▶ **WHAT NEEDS TO BE DONE**
Everything in the data below is left aside except the lines from the one containing "74 S. M. Pankrácie" through the one containing "シロテンハナムグリが、ナラガシワの樹液をなめ きていた(樹液酒場) 210718"; repeat those exactly.

▶ **MATERIALS PROVIDED**
**********

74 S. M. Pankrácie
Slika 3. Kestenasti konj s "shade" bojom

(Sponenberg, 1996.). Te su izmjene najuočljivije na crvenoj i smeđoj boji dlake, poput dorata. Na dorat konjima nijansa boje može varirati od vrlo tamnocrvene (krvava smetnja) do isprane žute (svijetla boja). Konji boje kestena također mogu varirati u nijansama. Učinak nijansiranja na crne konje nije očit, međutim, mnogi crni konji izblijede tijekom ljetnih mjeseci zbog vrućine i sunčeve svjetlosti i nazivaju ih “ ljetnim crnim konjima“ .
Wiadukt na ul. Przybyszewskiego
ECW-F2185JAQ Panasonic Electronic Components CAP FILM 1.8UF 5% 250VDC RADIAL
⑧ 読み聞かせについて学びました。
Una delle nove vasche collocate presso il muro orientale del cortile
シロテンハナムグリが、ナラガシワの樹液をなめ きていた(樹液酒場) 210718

**********

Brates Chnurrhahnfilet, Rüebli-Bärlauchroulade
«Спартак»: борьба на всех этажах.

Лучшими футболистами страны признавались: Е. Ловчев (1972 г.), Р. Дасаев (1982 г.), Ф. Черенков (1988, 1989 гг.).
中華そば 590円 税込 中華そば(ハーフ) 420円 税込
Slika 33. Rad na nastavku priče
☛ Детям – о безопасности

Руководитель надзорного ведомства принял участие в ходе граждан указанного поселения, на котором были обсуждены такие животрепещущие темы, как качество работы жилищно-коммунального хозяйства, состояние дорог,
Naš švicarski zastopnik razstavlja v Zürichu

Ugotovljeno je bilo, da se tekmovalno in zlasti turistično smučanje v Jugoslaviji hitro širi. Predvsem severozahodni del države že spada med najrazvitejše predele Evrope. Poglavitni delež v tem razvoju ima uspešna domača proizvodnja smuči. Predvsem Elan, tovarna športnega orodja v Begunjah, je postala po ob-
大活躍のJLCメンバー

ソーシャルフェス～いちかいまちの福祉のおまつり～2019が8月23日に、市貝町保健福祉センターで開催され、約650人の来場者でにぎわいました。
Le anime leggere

**********

▶ **TASK ANSWER**
74 S. M. Pankrácie
Slika 3. Kestenasti konj s "shade" bojom

(Sponenberg, 1996.). Te su izmjene najuočljivije na crvenoj i smeđoj boji dlake, poput dorata. Na dorat konjima nijansa boje može varirati od vrlo tamnocrvene (krvava smetnja) do isprane žute (svijetla boja). Konji boje kestena također mogu varirati u nijansama. Učinak nijansiranja na crne konje nije očit, međutim, mnogi crni konji izblijede tijekom ljetnih mjeseci zbog vrućine i sunčeve svjetlosti i nazivaju ih “ ljetnim crnim konjima“ .
Wiadukt na ul. Przybyszewskiego
ECW-F2185JAQ Panasonic Electronic Components CAP FILM 1.8UF 5% 250VDC RADIAL
⑧ 読み聞かせについて学びました。
Una delle nove vasche collocate presso il muro orientale del cortile
シロテンハナムグリが、ナラガシワの樹液をなめ きていた(樹液酒場) 210718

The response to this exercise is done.